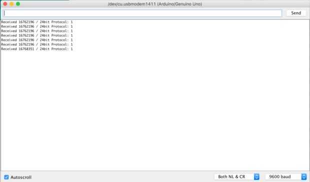 Ahora, cuando usted presiona un botón en el control remoto, ver la señal que aparece en el monitor serial! Observe que cada botón (en la A, de A, B, B etc.) tiene su propia señal. Anote estas señales porque los utilizaremos más adelante.
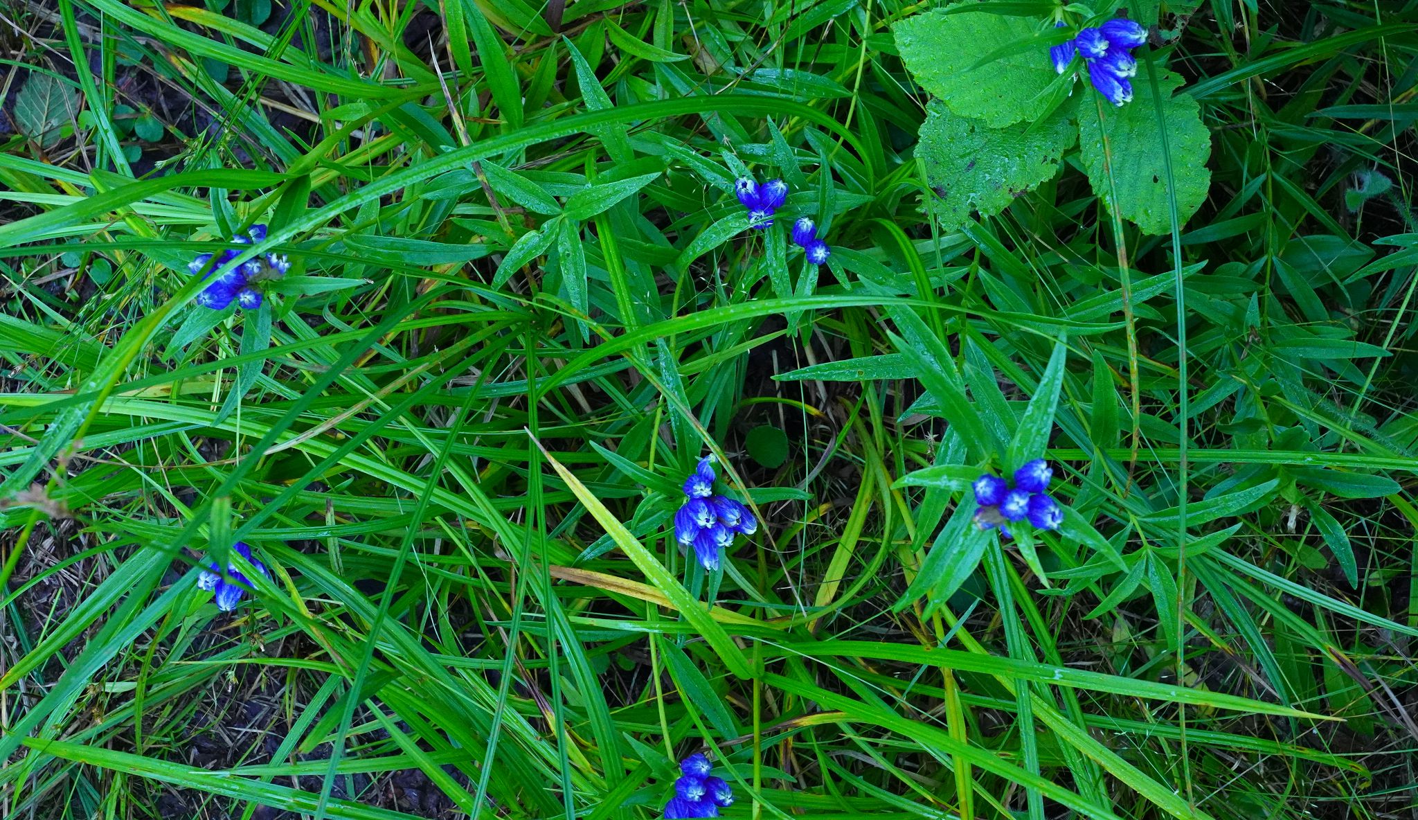 1. View from cabin after rain. 2. Spotted Knapweed. 3. Forest.
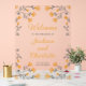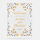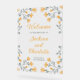 Custom wedding transparent welcome acrylic sign with watercolor wildflowers in grey and orange/yellow colours. Personalise it with the names of the couple getting married, the wedding date, and the location. Ideal reception decor for a spring or summer wedding.
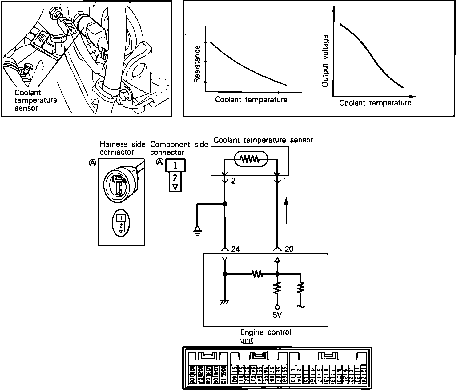 The Coolant Temperature Sensor, located in the thermostat housing, is a thermistor type sensor. As engine temperature increases, sensor resistance decreases. The ECU judges engine temperature by the sensor output voltage and provides optimum fuel enrichment when the engine is cold.
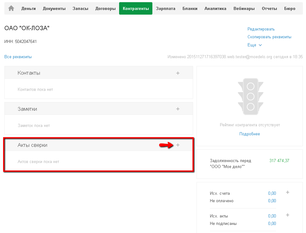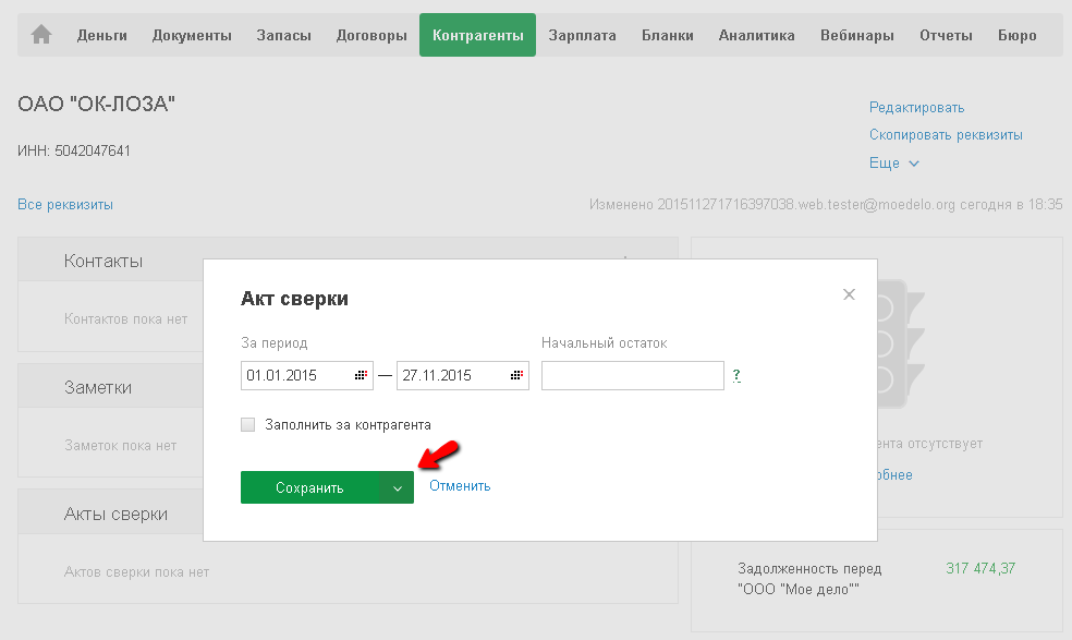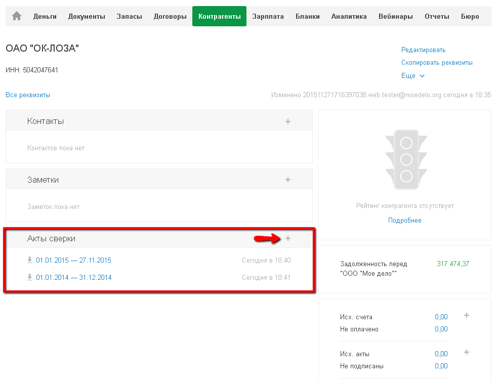 Сохраненные акты сверки посмотреть, скачать, удалить можно в карточке контрагента. Здесь же можно создать новый акт сверки.
• • • • • • •
What you will do:
Each record above needs to be copied exactly, with images left out.

Solution to the problem:
 Ahora, cuando usted presiona un botón en el control remoto, ver la señal que aparece en el monitor serial! Observe que cada botón (en la A, de A, B, B etc.) tiene su propia señal. Anote estas señales porque los utilizaremos más adelante.
 1. View from cabin after rain. 2. Spotted Knapweed. 3. Forest.
 Custom wedding transparent welcome acrylic sign with watercolor wildflowers in grey and orange/yellow colours. Personalise it with the names of the couple getting married, the wedding date, and the location. Ideal reception decor for a spring or summer wedding.
 The Coolant Temperature Sensor, located in the thermostat housing, is a thermistor type sensor. As engine temperature increases, sensor resistance decreases. The ECU judges engine temperature by the sensor output voltage and provides optimum fuel enrichment when the engine is cold.
 Сохраненные акты сверки посмотреть, скачать, удалить можно в карточке контрагента. Здесь же можно создать новый акт сверки.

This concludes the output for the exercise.